Last updated : 21 September 2008 By Sunday Times
Liverpool wasted that excellent result against Manchester United last weekend by dropping two points at home to the journeymen of Stoke, and fear the worst today, when Chelsea can overtake them by avoiding defeat against Manchester United.

This was a classic case of After the Lord Mayor's Show. Rafa Benitez and his team had recorded notable victories over United and Marseilles in the space of four days, only to be frustrated by Stoke's resolute defence. The outcome would have been very different but for the officials' contentious decision to disallow Steven Gerrard's second-minute "goal", which would have been his hundredth for the club.

With one minute 57 seconds on the stadium clock, the midfielder took a curling, right-footed free kick from the left that evaded everybody, Thomas Sorensen included, before nestling inside the far post. It looked a good goal, and Gerrard and his teammates celebrated it at length before it was pointed out that the referee's assistant had his flag raised, indicating that Dirk Kuyt, who had followed the ball in, was offside.

Benitez was appalled. "How can the referee explain that decision? He can't. He told Carra he disallowed the goal, not the linesman, but he was in a bad position, so how could he disallow it? It was a key decision."

The referee, Andre Marriner, confirmed he had ruled Kuyt offside, but this was on the mistaken impression the Dutchman had made contact with the ball, which he hadn't. The goal should have stood.

Instead of a flying start, Liverpool hit a brick wall in the shape of Stoke's massive defenders. The match was played almost entirely in and around their penalty area, and their response bordered on the heroic, auguring well for their hopes of survival.
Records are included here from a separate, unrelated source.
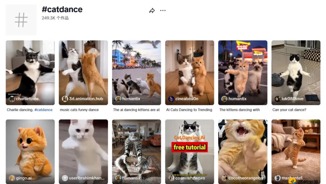 除了萌娃,火起来的还有跳舞的萌宠。TikTok平台话题#catdance之下的相关视频,也达到了24.9万个,并且仍处于增长态势。但不管是萌娃还是萌宠,这类AI跳舞内容有明显共性:通过幼态、“萌系”形象与成熟舞蹈动作之间的反差,叠加音乐节奏,使其天然适配短视频传播。
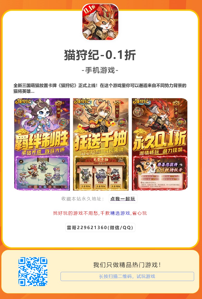 游戏福利:全新三国萌猫放置卡牌《猫狩纪》称霸三国,书写你的热血传奇!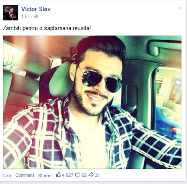 Cu barbă şi mustaţă mai mari ca de obicei şi cu cămaşa descheiată, Victor Slav s-a fotografiat la volanul maşinii sale, zâmbind larg. Prezentatorul de la meteo le-a transmis fanilor să zâmbească, pentru că aşa vor avea o săptămână fumoasă. Se pare că noul look este pe placul admiratoarelor sale, care l-au lăudat în comentarii pe contul lui de socializare. "Eşti un frumos şi un superb", i-a scris una dintre ele.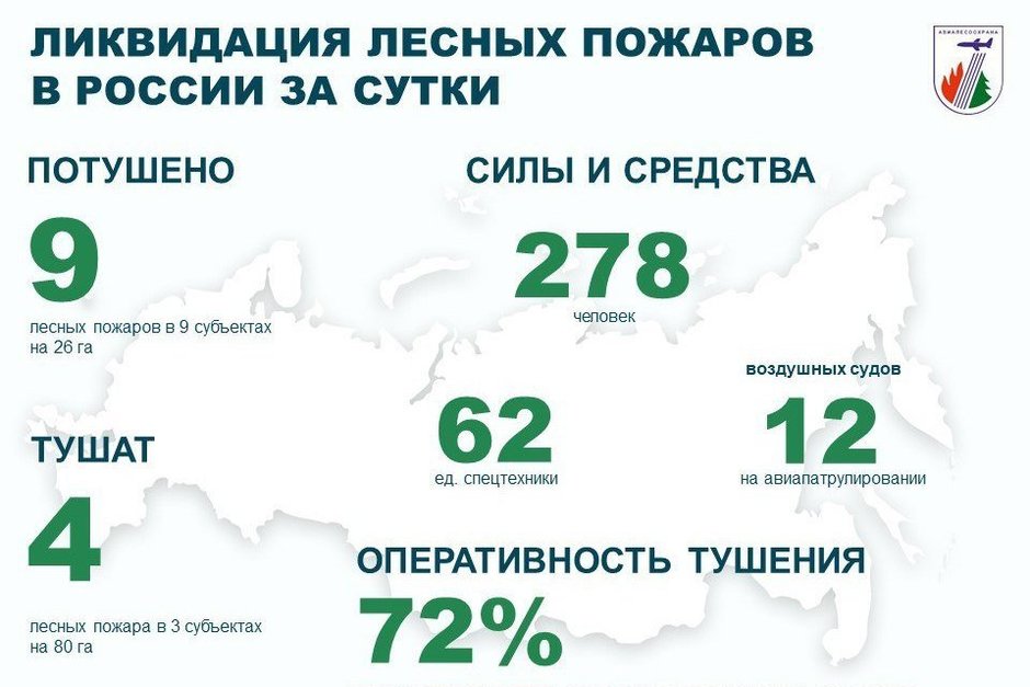 В ликвидации пожаров принимают участие 278 человек и 62 единицы техники. Для авиационного мониторинга лесопожарной обстановки задействовано 12 воздушных судов.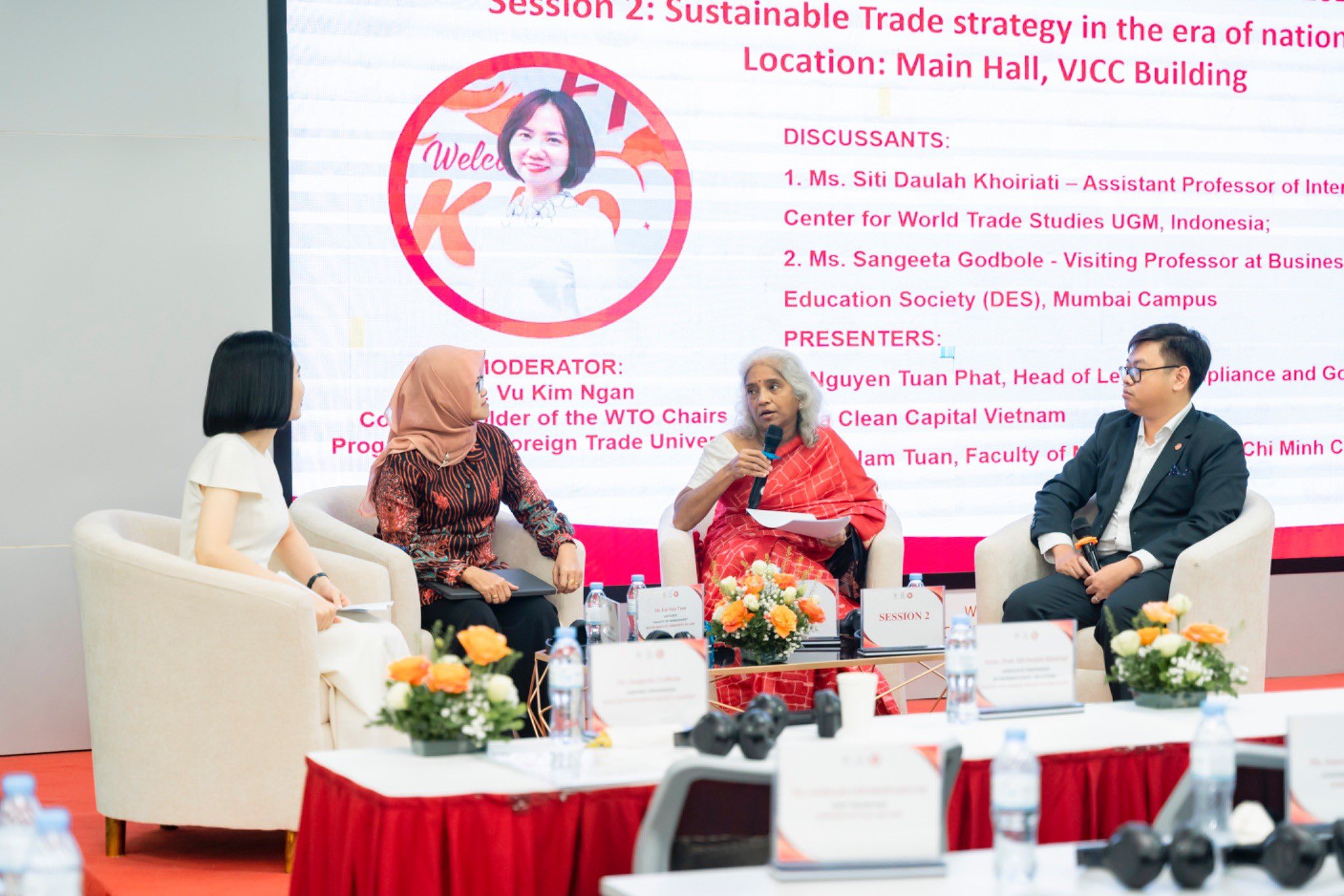 - Session 2, titled “Sustainable Trade Strategies in the Rising Era,” was led by Dr. Vu Kim Ngan – Co-Chairholder of the WTO Chair Programme at FTU.

Liverpool dominated, but their final ball was often found wanting, and when it wasn't, their finishing was. Benitez admitted as much: "Sometimes you need a bit of luck, or a bit more ability in the box. We had 25 to 30 attempts on goal and on any other day we would have scored." The last time Stoke played Liverpool, in the League Cup in November 2000, they lost 8-0, and their last win at Anfield was in 1958.
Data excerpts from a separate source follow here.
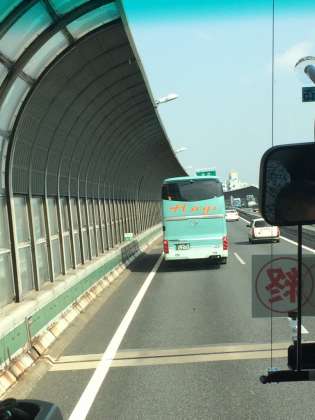 バスは、三芳パーキングエリアでトイレ休憩し、一路学校へ。子どもたちはビデオ観賞中。足元にはお土産のダイコンが?!
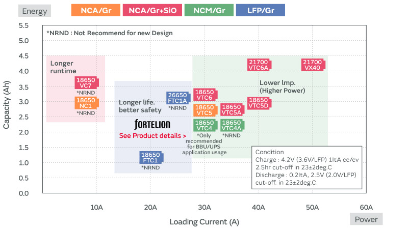 US18650VTC5APDF 2,600 NCA Gr, SiO 3.6 47.1 φ18 65 35 power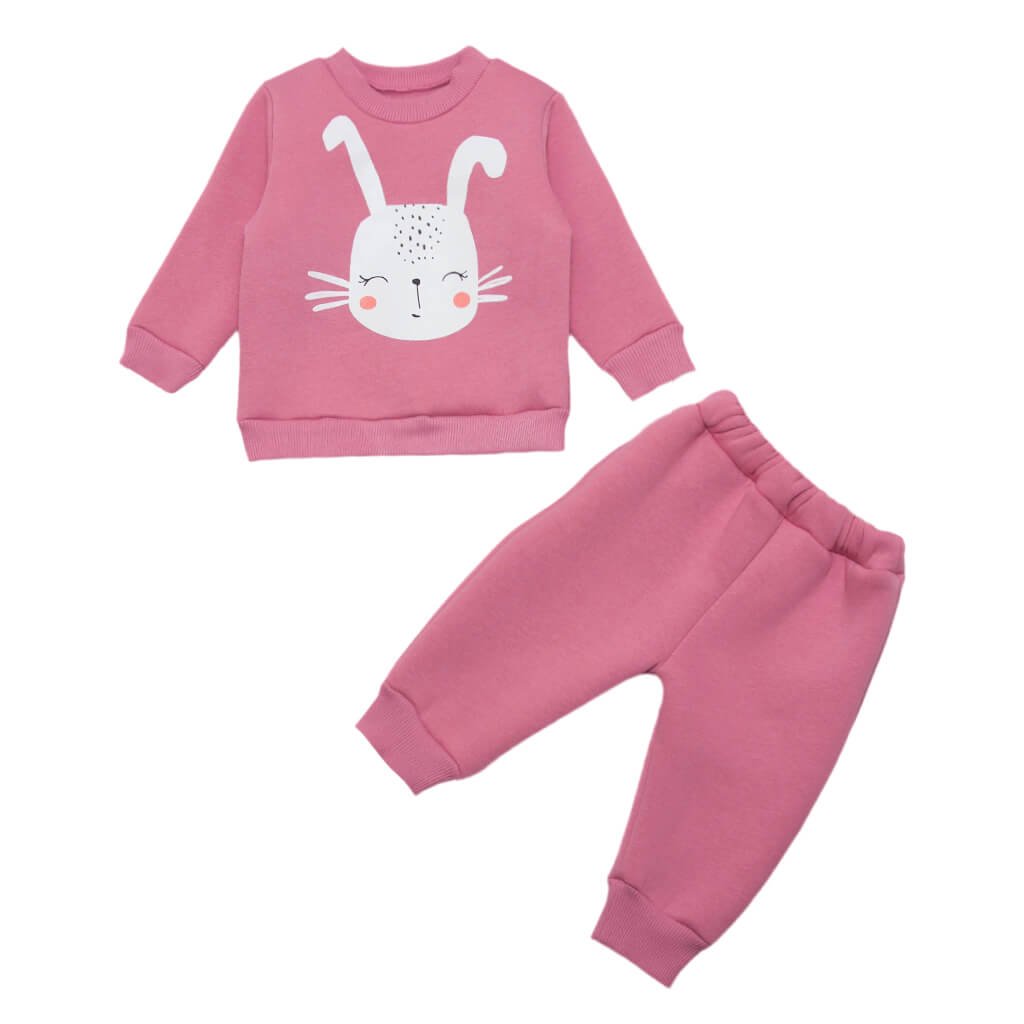 Створений для максимального комфорту і тепла, дитячий костюм рожевого кольору з принтом зайчика з полотна трьохнитка з начосом ідеально підійде для осені та зими. Завдяки щільному та ніжному на дотик матеріалу, костюм ефективно захищає дитину від холоду, забезпечуючи збереження тепла навіть у найхолоднішу погоду. У комплект входять джемпер і штанці, які гарантують свободу рухів і зручність у носінні. Джемпер прикрашений милим малюнком, який додає виробу стильного вигляду. Манжети на рукавах і по низу джемпера забезпечують щільне прилягання. Штанці виконані з еластичною резинкою на поясі, що дає змогу легко надягати їх і підлаштовувати під фігуру дитини.

Against such a background, their unadventurous approach was understandable. They had lost three of their four previous Premier League games, and they lack the resources to try to play the opposition off the park at places like this. What they did was park their bus in front of Sorensen's goal and challenge their opponents to find a way past Ibrahima Sonko, Abdoulaye Faye and Leon Cort, all of whom were outstanding.

The best of Liverpool's myriad goal attempts came from Xabi Alonso, whose shot from 18 yards appeared to be heading for the top corner until Sorensen's reaching intervention. That apart, Fernando Torres should have scored when he headed wide from Alvaro Arbeloa's right-wing cross, Kuyt and Gerrard were close from distance and poor Robbie Keane twice volleyed straight at Sorensen close in.

The £20m signing from Tottenham is enduring a torrid start with his latest club, and when the Stoke fans taunted him with "What a waste of money", there was, pointedly, no supportive reaction from the Kop. The Irishman needs that first goal, and soon.

Tony Pulis accepted his team had been lucky over the goal that wasn't, but felt they deserved their fortune. "Nobody was offside," he said. "We've got a point and a decision at Anfield, which can't be bad. This was a big result for us, psychologically."

Liverpool will look to do better in the Merseyside derby at Goodison Park next Saturday.